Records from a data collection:
§

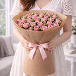10 tallos de rosas baby de color rosa suave hermosamente envueltos en papel marrón y rematados con una cinta rosa. Este suave y encantador ramo Pink Baby Kiss es un regalo perfecto para expresar amor amistad y agradecimiento
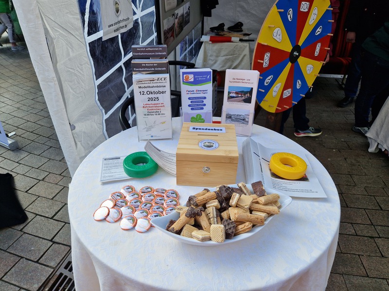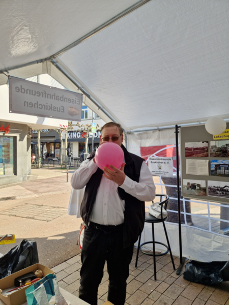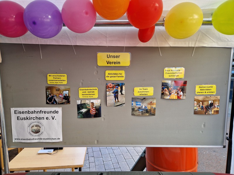 Auf dem diesjährigen Stadtfest in Euskirchen war auch unser Verein mit einem kleinen aber feinen Informationsstand vertreten. Zahlreiche Ausstellungsstücke und Fotos wurden ausgestellt und eine Fotobox mit originalen Eisenbahner-Utensilien konnte genutzt werden. Neben einem Glücksrad, einem heißen Draht und einer Menge Holzeisenbahn kamen auch unsere kleinen Besucher voll auf Ihre Kosten. Unser Lokschuppen war während des Stadtfestes ebenfalls geöffnet. Dort konnten Eisenbahninteressierte durch unsere Mitglieder eine kostenlose Rundführung erhalten.
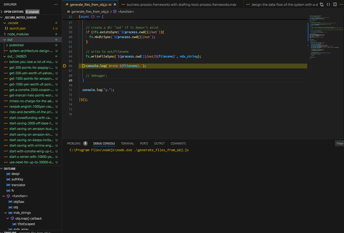 タイトルを英語に翻訳してファイル名とし、mdx形式のファイルで保存していっている動作:
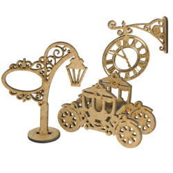 - У наборі: карета - 55х85х35 мм, годинник - 65х70х10 мм, ліхтарний стовп - 90х75х30 мм
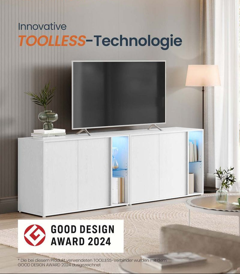 Lagerschrank mit LED-Beleuchtung - Sideboard mit offenen und geschlossenen Fächern

§

Repeat exactly the lines from the one containing "- У наборі: карета" to the last line of the records above, including both, and leave out any pictures.

**Solution to the problem:**
 - У наборі: карета - 55х85х35 мм, годинник - 65х70х10 мм, ліхтарний стовп - 90х75х30 мм
 Lagerschrank mit LED-Beleuchtung - Sideboard mit offenen und geschlossenen Fächern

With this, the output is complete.